According to Evers, “We turned a potential 45-day business day delay or close into 48 hours.”
The deal was inked just before the company’s hard year-end stop.
Beyond data security to operational efficiency
Sonrai and Flywl’s partnership makes CFOs strategic partners in a rollout, helping them deliver value back to their companies. While promising financial ROI can be a hard sell for security, it resonates with CFOs. It also enables finance teams to boost operational efficiency.
“We were able to get additional incentives with AWS to give the client back over $16,000 in AWS credits on day one,” Evers says. “That’s over 10% of the value of the deal returned to the CFO, right as the deal was inked.”
But the financial benefits went beyond credits. By connecting Sonrai’s automation to audit and compliance work, they showed how:
- Security and compliance audits—previously a manual, expensive nightmare—could be supported by automated reporting and enforcement
- Evidence gathering that took weeks of manual labor could become a push-button report
“If you can show a CFO that not only you’re providing an ROI and financial incentives, but you’re also securing their cloud and eliminating hundreds of hours of manual audit, you’ve moved past being a security tool and now you’ve become that business enabler for them,” Evers says.
How Sonrai’s go-to-market strategy changed
The partnership with Flywl wasn’t just a one-off victory; it fundamentally transformed Sonrai’s future go-to-market strategy. Rather than selling security in isolation, they now run a coordinated marketplace motion.
Here are a few key shifts in Sonrai’s approach:
- Marketplace-first GTM. Sonrai opted to use cloud marketplace for AWS as their primary go-to-market channel.

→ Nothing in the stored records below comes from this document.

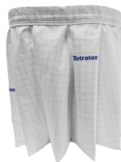
PTFE ANT Filtro PTFE antistatico (Classe M EN 60335-2-69)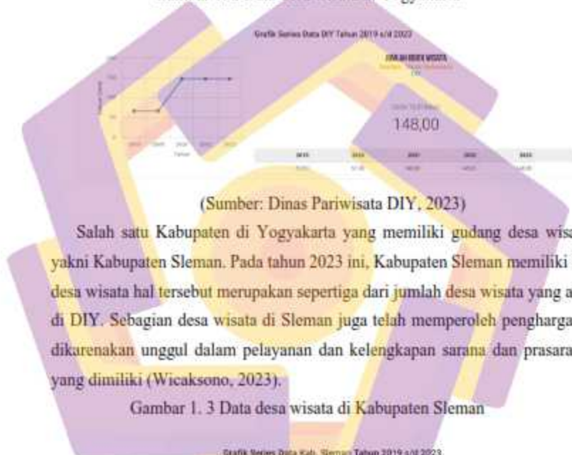
Gambar 1. 2 Data desa wisata di Yogyakarta

Daerah Istimewa Yogyakarta memiliki satuan pariwisata dengan nama desa wisata. Desa wisata merupakan suatu konsep dari pengembangan wilayah yang menjadikan desa sebagai destinasi wisata. Berdasarkan data dari Badan Perencanaan dan Pembangunan Daerah (Bappeda) DIY memiliki jumlah desa wisata sebanyak 148 desa pada tahun 2023.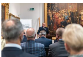
Uroczystość wręczenia Krzyży Wolności i Solidarności – Lublin, 14 grudnia 2021.

Prezes IPN zwrócił również uwagę na to, że woła walki o wolność bohaterów uroczystości pokonała totalitarny reżim komunistyczny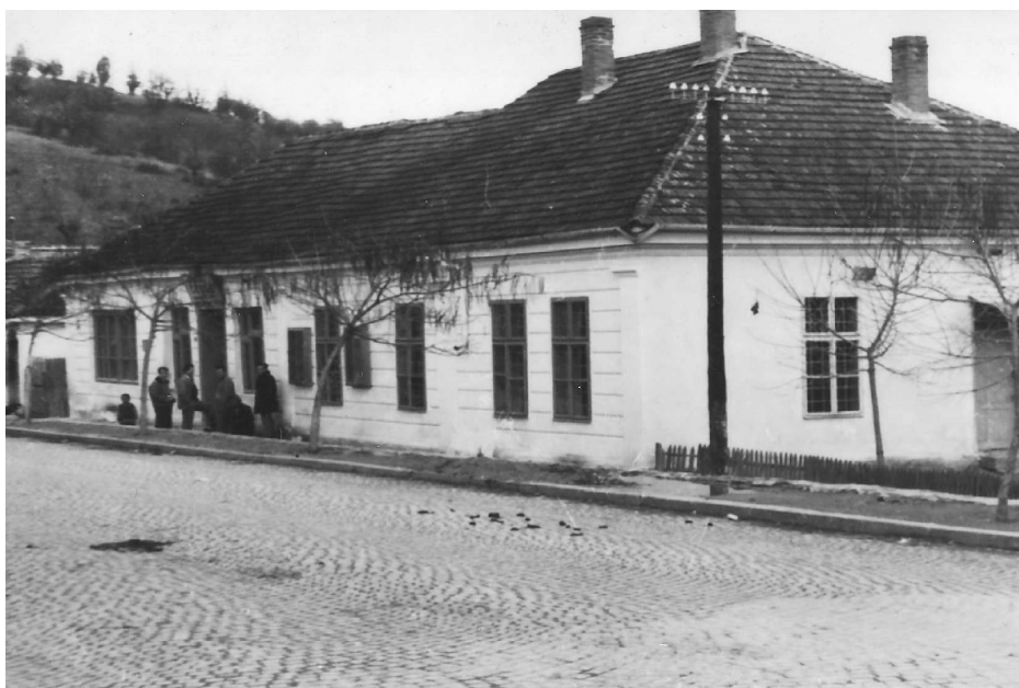
Центар Медвеђе – стара кафана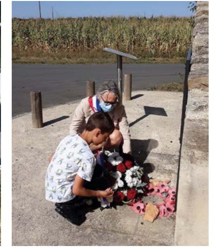
14 JUILLET 2020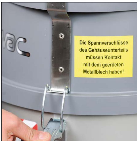
Надежность благодаря защелкам

Die Spannverschlüsse des Gehäuseunterteils müssen Kontakt mit dem geerdeten Metallblech haben!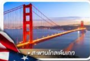
สะพานโกลเดนเกต

★ เยือนอุทยานแกรนด์แคนยอน ฝั่ง South rim ความมหัศจรรย์ทางธรรมชาติ ที่ยิ่งใหญ่ที่สุดแห่งหนึ่งของโลก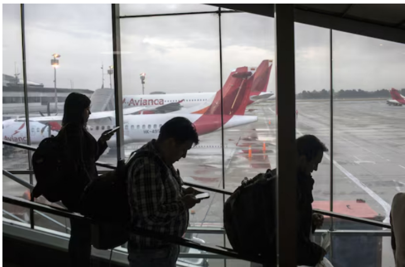
Qué soluciones dará Avianca para viajes desde Colombia hacia Venezuela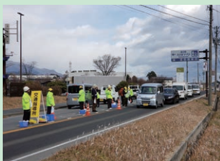
「年末の交通安全運動」の活動として道の駅前において「交通指導所」を開設した。(伊南)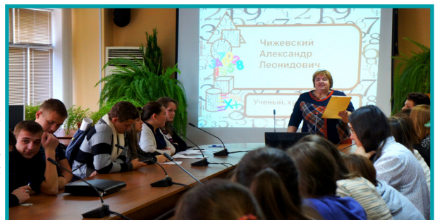
Студенты знакомятся с творчеством А.Л. Чижевского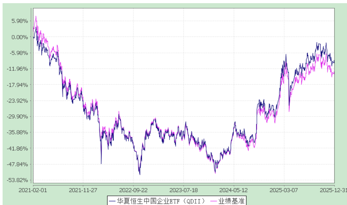
华夏恒生中国企业交易型开放式指数证券投资基金（QDII） 基金份额累计净值增长率与业绩比较基准收益率的历史走势对比图 (2021年2月1日至2025年12月31日)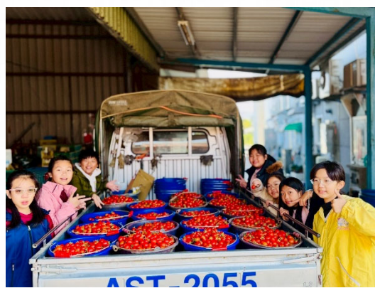
說明：完成小園丁認證活動。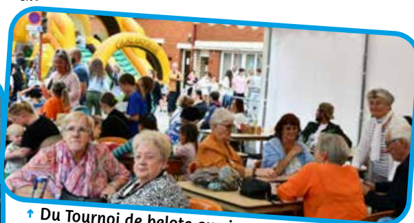
↑ Du Tournoi de belote aux jeux gonflables, il y en avait pour tous les âges !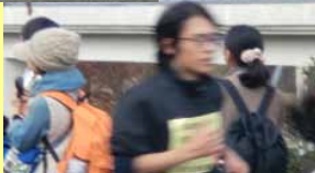
末松 「来年、再チャレンジ」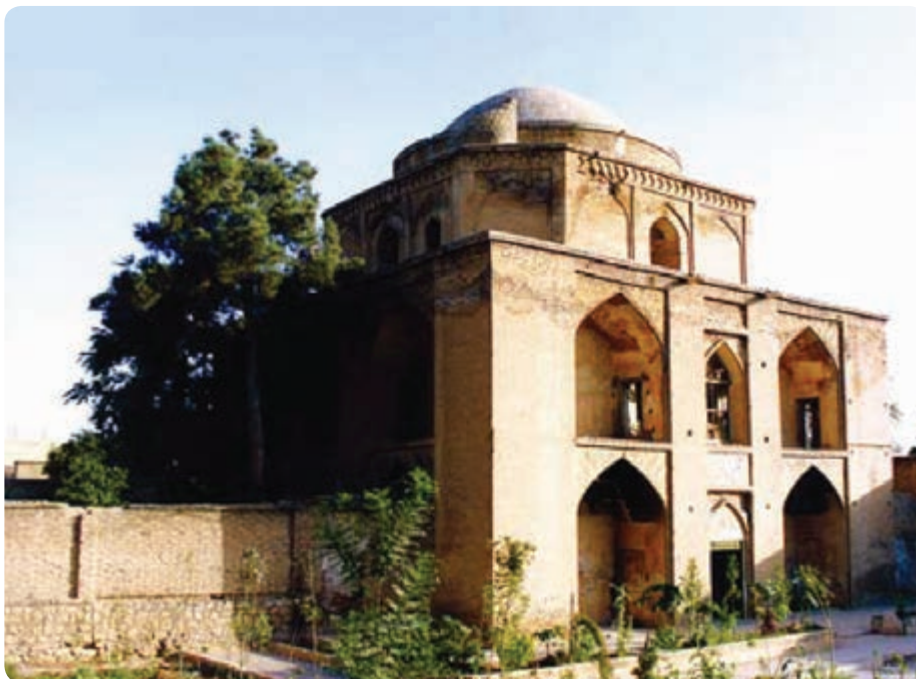
شکل ۵-۵- بی بی دختران شیراز

در کشور ما گام‌های نخست در توسعه این بخش برداشته شده است، به گونه‌ای که اکنون بیش از ۵۰ هزار نفر به‌طور مستقیم در زمینه گردشگری مشغول به کارند. از این تعداد در استان فارس در حال حاضر ۴۵۰۰ نفر در این صنعت شاغل‌اند. گردشگری و خودباوری: نهرو، نخست‌وزیر هند در کتاب نگاهی به تاریخ جهان می‌نویسد: من هرگاه در برابر ایران و تمدن ایران قرار می‌گیرم، ناخودآگاه سر تعظیم فرود می‌آورم.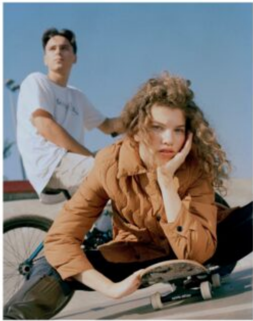
Куртка из хлопка и полиэстера, 7499 руб., джинсы, 2799 руб., все Mango ; кожаные сапоги, 18 990 руб., Mascotte .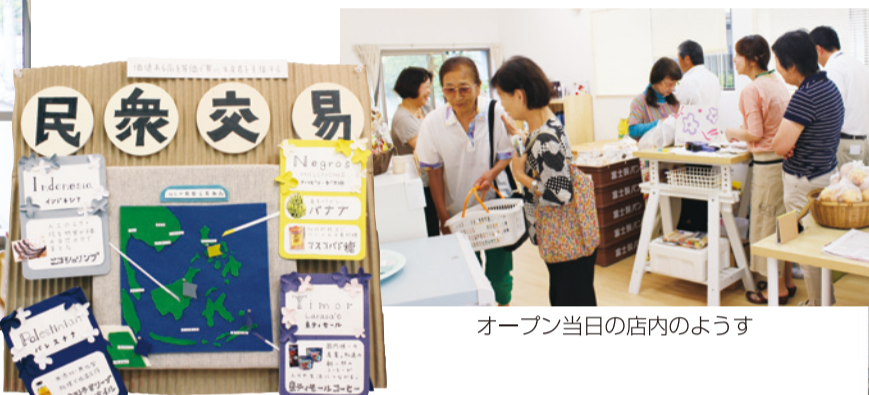
オープン当日の店内の様子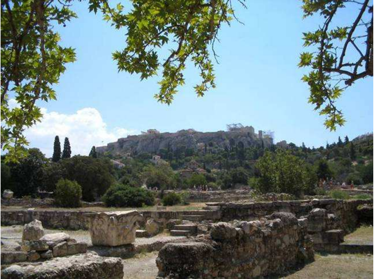
Vista sull'Acropoli dall'interno dell'Agorà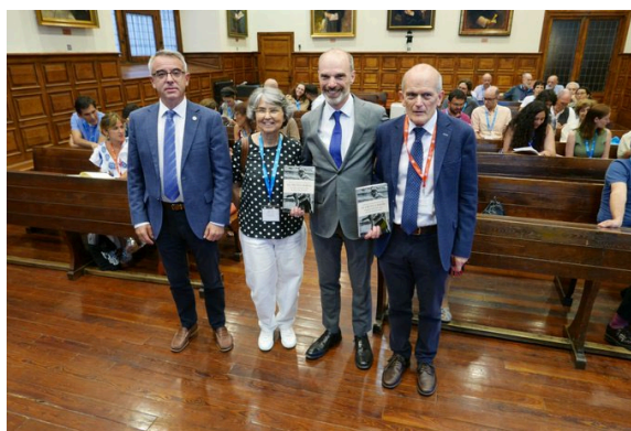
Fotografía 4. Presentación de libro.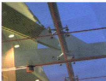
Détail sur la structure après pose du verre.

BET structure : groupe Alto (M. Malinowsky) / Entreprise : Viry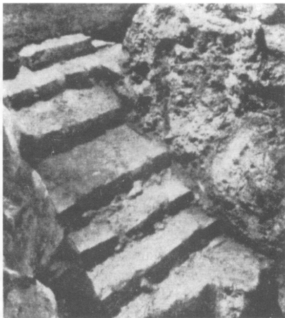
Katedros šiaurinės navos senieji laiptai (70, p. 15)

kama ir Jeruzalės šventovėje. Pažymėtina, kad pati Jeruzalės šventovė, anot M. Eliadės, buvo imago mundi , t.y. simbolizavo pasaulį. Šioje šventovėje būdavo pašventinamas ne tik Kosmosas, bet ir Laikas (274, p. 52). Tam tikruose šventovės elementuose, jų prasmėje ir struktūroje glūdi Laiko simbolizmas. Taip galėjo būti ir Perkūno šventovėje. Kiekvieną mėnesį, tą dieną, kai saulė išengdavo į naują ženklą, būdavo deginama ugnis ant vienos iš dvylikos altoriaus pakopų. Tai, matyt, ir reiškė periodinį Laiko atnaujinimą bei pašventinimą.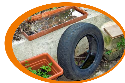
Evita di abbandonare i pneumatici e di far ristagnare l'acqua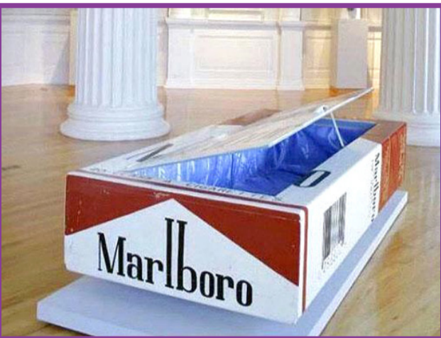
● تابوت جالب در غنا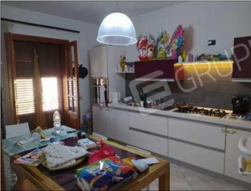
Fot. 11: cucina, piano 2°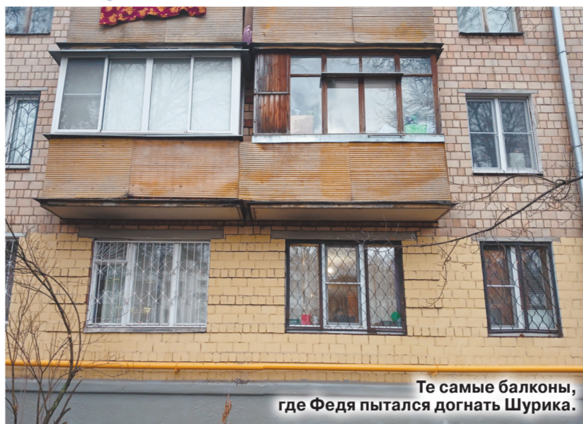
Те самые балконы, где Федя пытался догнать Шурика.

Вот и два балкона, через перила которых пытался перелезть Федя, чтобы ухватить Шурика. Они, конечно, на втором этаже — значим выше, второй и безопаснее, и смотреть удобнее. И место приметное: единственный в этом доме стýк между двумя секциями, где балконы примыкают друг к другу, в остальных местах они одиночны. Увы: теперь оба балкона застеклены, но только не перелезть, но и не представить себе такого. Хотя вон, этаким выше все-таки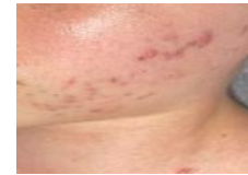
5 pav. 2-os tyrimo dalyvės probleminė veido odos sritis

2-ai tyrimo dalyvei po pirmos procedūros su glikolio rūgštimi vizualiai matomas lengvas odos būklės pagerėjimas. Dalis komedonų nosies ir smakro srityse išsivalė, taigi oda atrodo švaresnė ir skaistesnė. Taip pat sumažėjo papulių ir pustulių dydis, pakito jų spalva. Po pirmos procedūros nustatyta, kad vienos procedūros nepakaks išspręsti esamas odos problemas. Siekiant efektyvesnio poveikio, 2-ai dalyvei buvo rekomenduota atlikti bent 4 procedūrų kursą kosmetologo kabinete kas 7–10 dienų, o procedūrų tęstinumui namuose naudoti rekomenduotas kosmetines priemones su glikolio rūgštimi.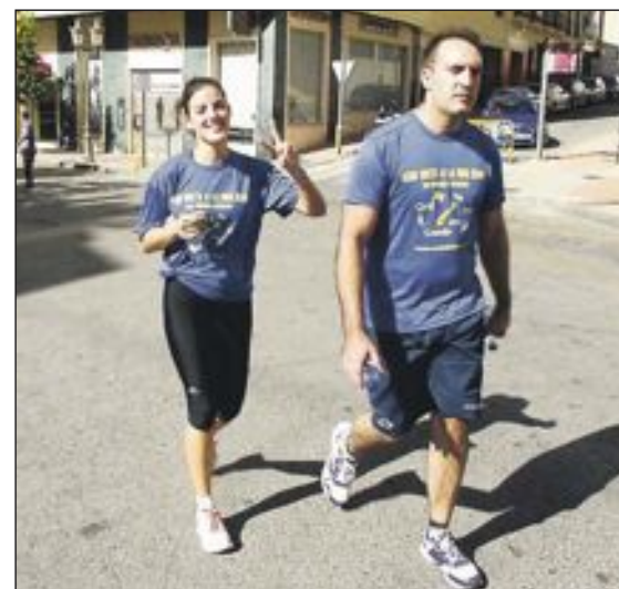
El último tramo de la prueba fue uno de los más duros, con la subida por la avenida de la Constitución

Deals are framed around how they map to existing cloud commitments from the very start.
- Finance and procurement brought in early. As soon as a POC is in motion, Sonrai runs on two tracks:
- Field CTO drives the technical evaluation.
- Evers leads the commercial strategy.
- Partner as extension of the team. With Flywl, Sonrai started behaving like an extension of the customer’s internal team, helping CISOs, cloud ops, and finance align on both security and spend.
- Internal alignment and comp neutrality. Todd first aligned Sonrai’s executive team on a marketplace-first strategy and made marketplace deals comp-neutral for sellers so they do what’s best for the customer, not what maximizes individual commission.
This new motion is a relief for procurement teams. According to Evers, procurement prefers this motion because it gives them a clean path to “yes” using AWS Marketplace.
“Predictability is the real win here,” he says. “We're not chasing deals anymore. We've uncovered the financial hurdles and discussed them up front with the tech team and with procurement.”
The outcome: more predictable revenue, less internal friction, and a much faster, more enjoyable way to sell.
Moving past the “dead zone”
For teams stuck with deals in “dead zone” limbo, Todd and Ankur’s advice is clear:
- Don’t wait until the POC is over to figure out funding. As soon as a POC starts, start working with your champion on how the deal will be funded, not just why the tech is needed.
- Treat cloud marketplaces as strategic GTM channels. They’re not just transactional tools; they unlock incredible efficiency.
- Seed smaller deals early. Even smaller customers benefit from operational efficiency, and those early wins roll up into larger enterprise commits that make renewals and expansions easier.
- Break old “direct-only” habits. Marketplace motion requires a mindset shift—from controlling every step to orchestrating value across security, finance, and cloud providers.
Ultimately, Sonrai’s story shows that the teams who win aren’t just the ones with the strongest POCs—they’re the ones who design a buying path that matches how customers actually spend in the cloud. When you align CISOs, CFOs, and marketplaces from day one, those early technical “yeses” stop dying in the dead zone and start converting into predictable, six-figure revenue.